Матвей Степаныч развил бурную деятельность. В мельнице и на мельнице стучали топоры и молотки, бабы месили глину и обмазывали стены. Игнат сутками торчал в машинном отделении, разобрав двигатель по частям. Через месяц выхлопная труба зачавкала на все село. Кроме того, Игнат пристроил центробежную сирену. Звук ее, каждый день оповещающий о начале работы мельницы, хотя и был чуть жутковатым в своем нарастающем вое, но зато совсем-совсем новым, беспокойным, тормошащим тишину Паховки. Потом к этому звуку привыкнут жители, но вначале было ново: будто он громко оповестил, что мельница уже не Сычева, а общественная, кооперативная, что владеть ею захотели другие, без Сычева, без хозяина.

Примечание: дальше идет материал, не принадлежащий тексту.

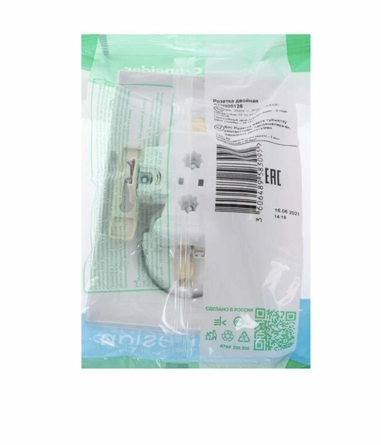 "Евророзетка двойная с антибактериальным покрытием с заземлением со шторками Schneider Electric ATLASDESIGN, 16А, в сборе, IP20, белый."

Вскоре заработала и маслобойка. К удивлению многих, Матвей Степаныч оказался беспокойным, расторопным и сметливым «хозяином». В Паховку потянулись подводы и из других сел, стало людно и шумно у кооперативных предприятий. Всю зиму и весну Матвей Степаныч работал с упоением с утра до вечера; ему даже и обед приносила Матрена на работу; ему казалось, если он уйдет хотя бы на час, все остановится, все пропадет. Такой уж характер. Он даже удивился тому, как в том году быстро наступило лето: каждый день некогда! А лето тысяча девятьсот двадцать девятого года все равно пришло, несмотря на то что Матвею Степанычу некогда. Мало ли кому из людей некогда — время идет.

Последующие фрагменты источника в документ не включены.